次に、不動産が主な相続税対象となる場合の問題点をあげてみましょう。お分かりのように不動産は、お金のように分けることが難しいものです。
基本、財産分けでもめないためには、遺言書を作成して、相続財産の行き先をはっきりすることが必要です。しかし、分けるのが難しい、土地、アパート、一棟ビルやアパートなど分割せずにだれか一人に相続させる旨の遺言を残した場合、遺留分の問題が起きてきます。
遺留分とは、被相続人(亡くなった方)の兄弟姉妹以外の相続人に対して保証されている最低限の相続財産の割合をいい、この相続財産の保証割合分を侵害するような行為を失わせることを「遺留分減殺請求権」と言います。
ですので、不動産が相続財産の大半を占めるご家庭では、生命保険の活用、換金しやすいものに変える、小口に分割する、相続資産の棚卸により優良資産と不良資産の分割、などの対策が必要です。
では、相続税対策として取れる方法は、どのようなものがあるのでしょうか?
相続税対策の2つの方法
大きく分けて下記の2つになります。
① 資産を減らす
これは、生前にお金を使ってしまうことが、その代表的な方法ですが、そのほかに生前贈与を使い、お金や資産を物理的に移動させてしまうこと、生命保険を使うなども、含まれます。
② 資産を減らさず、相続税評価額を減らす
相続税は、相続税評価額を基礎に計算されます。ですので、もとになる相続税評価額を下げれば、相続税の節税になるわけです。
たとえば、1億円の現金の相続税評価額は1億円ですが、それを賃貸マンションに変えれば、その土地建物評価額は、30%になります。さらに小規模宅地課税制度を使えば、なんと21%にも減額することができます。
これをまとめますと、金融資産を賃貸不動産に変えればトータル8割減も可能です。たとえば、金融資産1億円を賃貸不動産に変えた場合、最高税率55%が適用される方々は、55% x 80% = 44%、すなわち4400万円が節約できます。
しかし、不動産を使わなくても①の資産を減らすことによって実際の相続税対策をすることができます。
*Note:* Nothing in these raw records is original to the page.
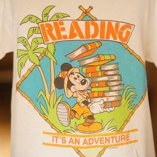 探検家スタイルのミッキーが本の山を抱え、「READING IT’S AN ADVENTURE(読書は冒険だ)」と語りかけるデザインが特徴です。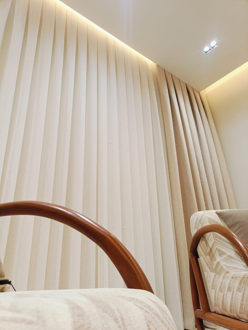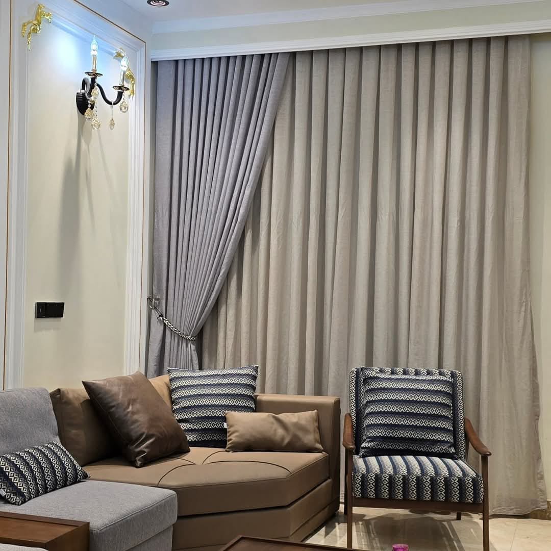 تقدر تختار قماش سادة أو بنقشة هادية وتعمل ستارة بطبقة واحدة أو اتنين.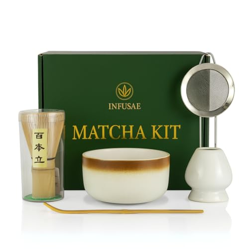 Matcha Kit – 5 Pcs Matcha Whisk Set with Bamboo Whisk & Scoop, Ceramic Bowl & Whisk Holder, and Stainless Steel Strainer – Complete Matcha Kit for Ceremony, Latte & Gift for Green Tea Lovers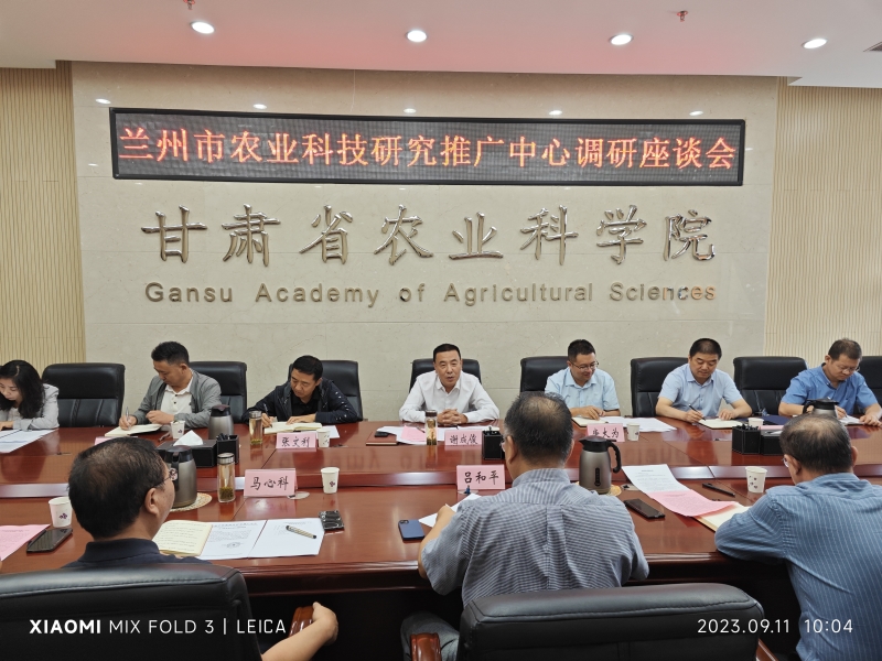 根据《省委组织部关于落实“强省会”行动部署要求强化组织保障的若干措施》(甘组办字〔2023〕56号),为落实中共兰州市委组织部相关工作要求,9月11日,兰州市农业科技研究推广中心(兰州市农科院)副主任谢成俊等一行14人来我院进行调研。院党委委员、副院长吕和平出席调研座谈会,院人事处、科研处、成果处、财务处和植物保护研究所等10个相关研究所的负责同志参加座谈。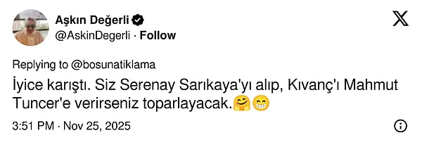 Hayrettin'in kendisine 'Hayatın bir film olsa kimin oynamasını isterdin?' diye sorması üzerine bir düşünen, düşündükten sonra da 'Bir kaya vardı, Sarıkaya mı?' cevabını verdi. Bahsettiği kişinin Serenay Sarıkaya olduğunu anlayan Hayrettin ve izleyici gülmeye başladığındaysa sinirlendi; 'Niye? Oynayamaz mı canım? Ne bakıyorsunuz öyle? Oynayabilir. Onda rol kabiliyeti var. Bir ufak makyajdır, şudur budur, olur' açıklamasında bulundu.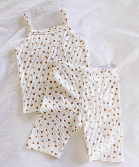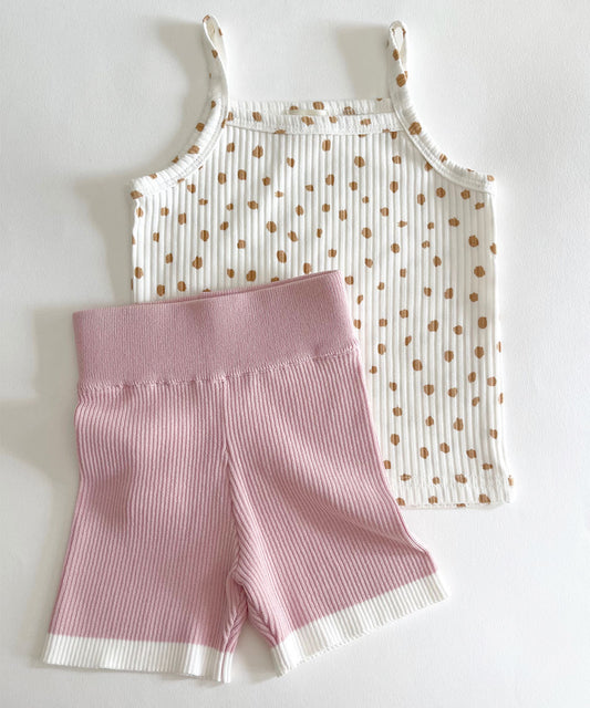 Leppard Tank Top & Rose Knit Shorts Set

それは、贈与を使う方法と生命保険を使う方法です。大体、相続資産1億円位まででしたら、これらの方法を使うことによって、相続税を回避することも可能になるケースもあります。
では具体的に資産が1億円の方の場合の相続税を見ていきましょう。配偶者と子供2人を相続人とするケース(一次相続)ですと、約315万円になります。
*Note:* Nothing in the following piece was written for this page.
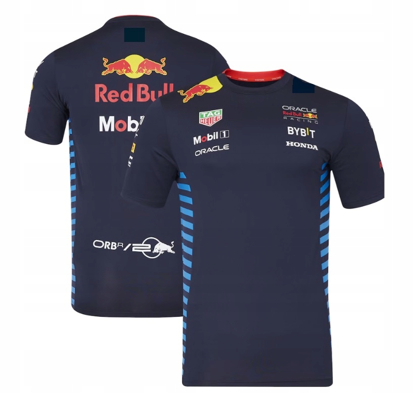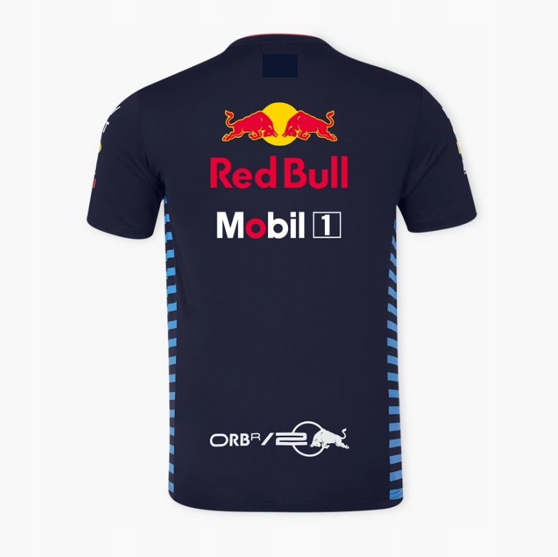 Тема продажи-футболка настройки команды, представляющая цвета команды Oracle Red Bull Racing F1 в 2024 году.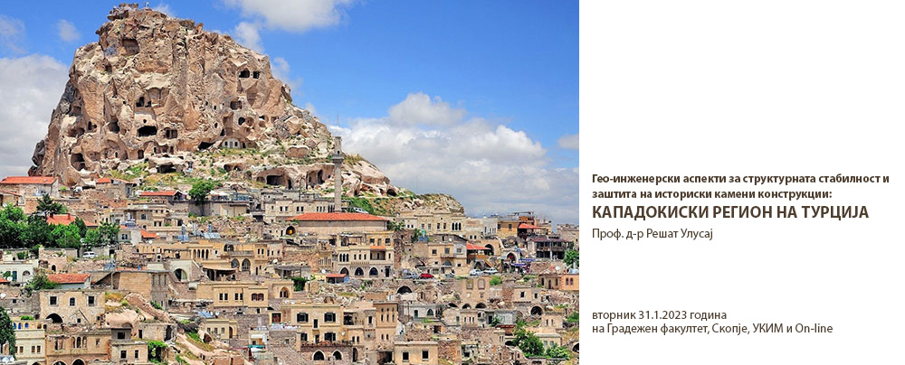 Предавањето што ќе го одржи Проф. д-р Решат Улусај е со наслов „Гео-инженерски аспекти за структурната стабилност и заштита на историски камени конструкции: Кападокиски регион на Турција“

この315万円を節約するために、わざわざ高い不動産を買うことは、決してお勧めいたしません。不動産購入にかかるコストや購入後の値下がりリスクを考えれば、贈与を使った節税を行うべきです。
ただし、賃貸不動産を相続税対策で購入するのではなく、資産運用を目的として収益不動産を買い、それが相続税対策にもなるという考え方は大いにありうると思います。